The men put up hammocks in the fellmongery, played cards by candlelight in the canteen and were visited by wives and girlfriends—who conversed with them through locked gates. “Some of the men listened to the gramophone,” reported the Herald from the King’s Wharf cool stores, “others played cards or smoked, and many tried to sleep on tables or the floor, using coats or blankets to soften their hard beds. “All were cheerful and seemed unworried by the prospect of spending the night in the works.” The freezing companies demanded the police evict the industrial squatters.

But the Labour government, brand-new to office and rooted solidly in the union movement, declined to march in the police. With the occupation heading into its third day, Tim Armstrong, the Minister of Labour, was sent up to Auckland to negotiate a deal. Armstrong was a former miner and union militant. He’d left school at 11 and taken a job cutting fl ax. He’d worked at Waihi where he’d been sacked for organising the mine workers. In Auckland, he promised the striking freezing workers they would get justice.

The freezing companies, however, were adamant. They would not budge on the matter of the extra hours being worked. They refused to concede either shorter hours or better pay. So Armstrong simply imposed a settlement. He directed the companies to pay the men overtime for every extra hour worked. The companies could do nothing but obey. The press was furious. At the General Election the following year, the Labour Party was returned with an increased majority.

Why do Helen Clark and Michael Cullen kow-tow so to business leaders?

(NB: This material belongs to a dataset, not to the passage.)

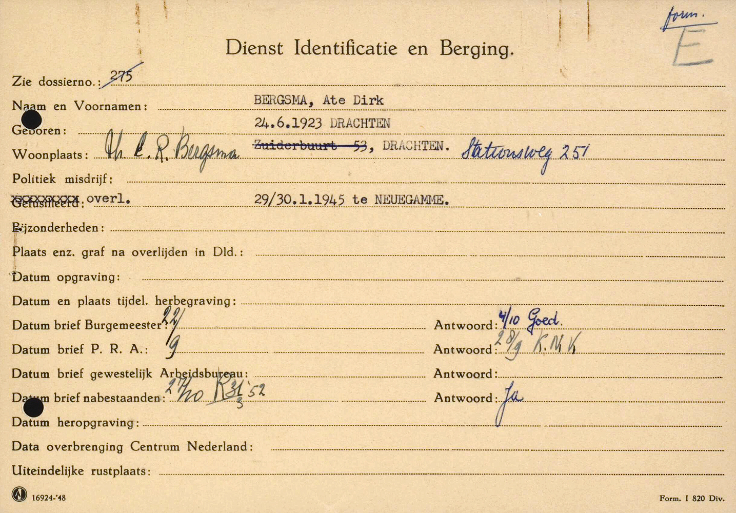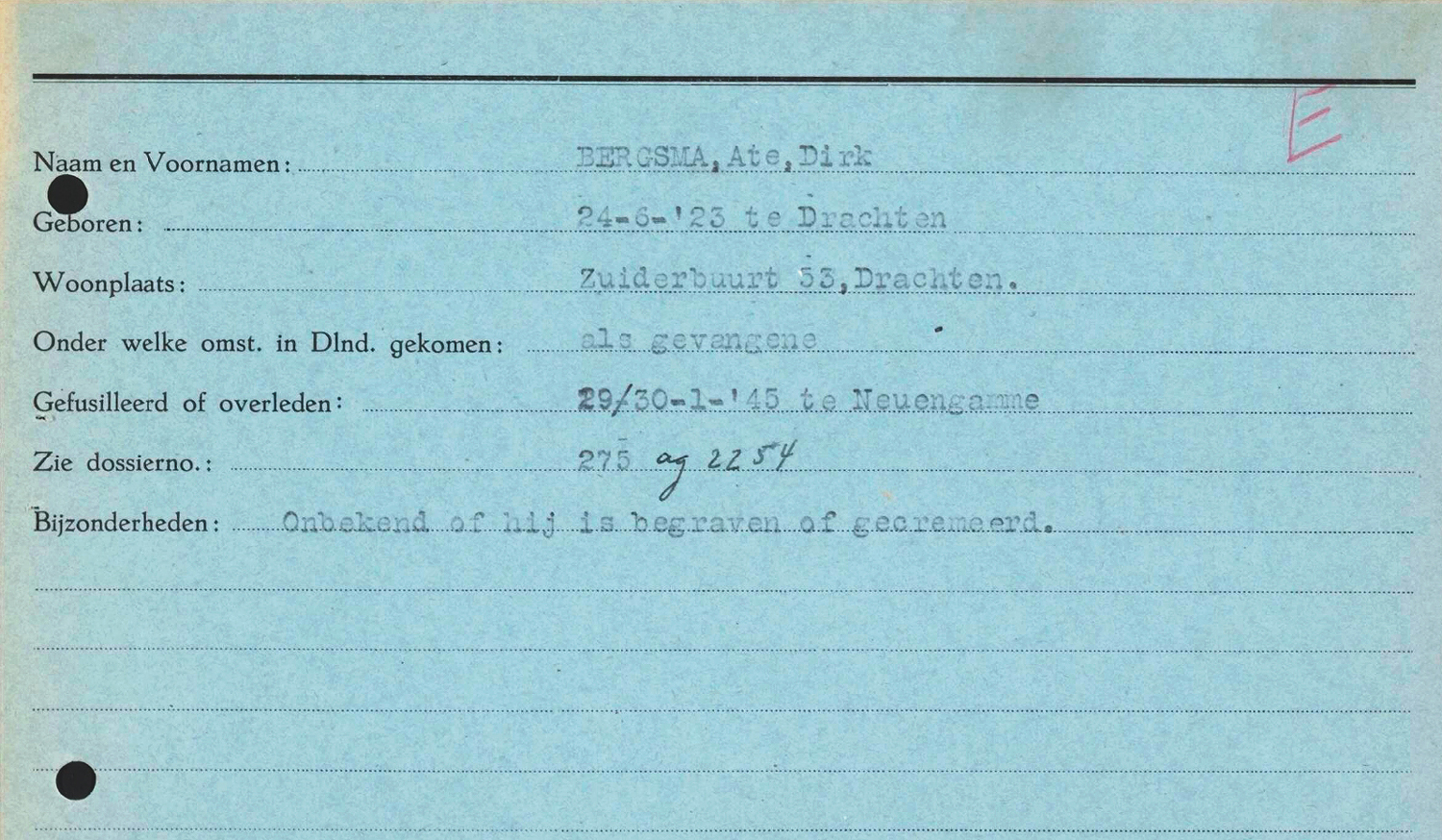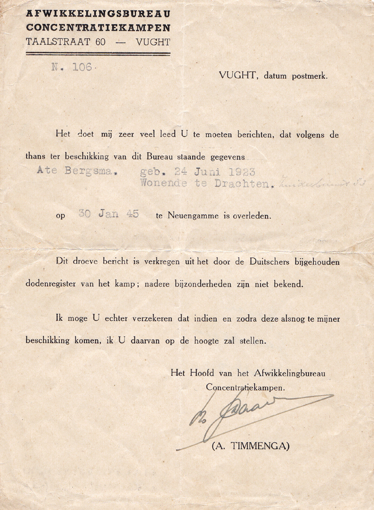 ‘Ate Dirk Bergsma, geb. 24-6-1923; zich te wenden voor de overlijdensacte Lager-Crematorium Neuengamme bij Hamburg.’ Verdere bijzonderheden ontbraken. Dit werd later bevestigd door het Ministerie van Oorlog, belast met de afwikkeling van concentratiekampen, in onderstaande brief …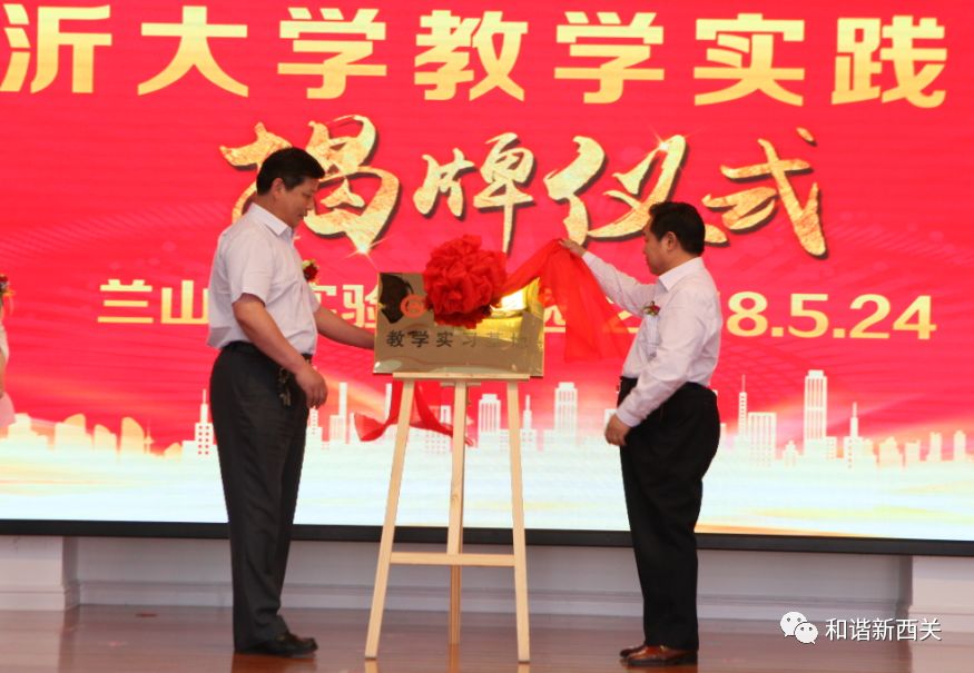 在热烈的掌声中,临沂大学费县分校党委书记孙成明、兰山区政府党组副书记、兰山商城管委会党委书记顾文明走上舞台中央,为临沂大学教学实践基地共同揭牌。

Wasn’t it their first year in office that saw them running off to reassure business leaders nothing untoward was going to happen? Wasn’t that Michael Cullen lamenting at the last election about the injustice of business leaders advising a National vote after all Labour had done for them? And now it’s the Greens on their knees in front of the Chambers of Commerce.

Each year over the past five business profits have risen by 11 percent. That’s each year. By contrast, over that entire period, wages have risen just over 8%. Director’s fees for this year alone have risen over 20% while working people work longer hours and get further into debt.

Over the past five years the rich have increased their net worth at a greater annual rate than at any time under National. Meanwhile, according to a UNICEF report, we have the fourth-highest child poverty rate of 26 developed countries.

SO who saved Labour’s bacon?

The hundreds of thousands of south Auckland and west Auckland workers, trudging wearily off to the polls and voting once more for the crowd least likely to harm their lives and their families. Will it be pay-back time, then, from a grateful Labour government? No, we all know it’ll be more of the same. We have to turn to ourselves.

It’s time to put up the hammocks in the fellmongery and tell business leaders to get stuffed. They’ve had their snouts in the trough long enough. We have to set up our own Workers’ Charter with a fighting organisation to go with it, an organisation that we’re part of and which will mobilise behind every worker’s struggle for a decent life.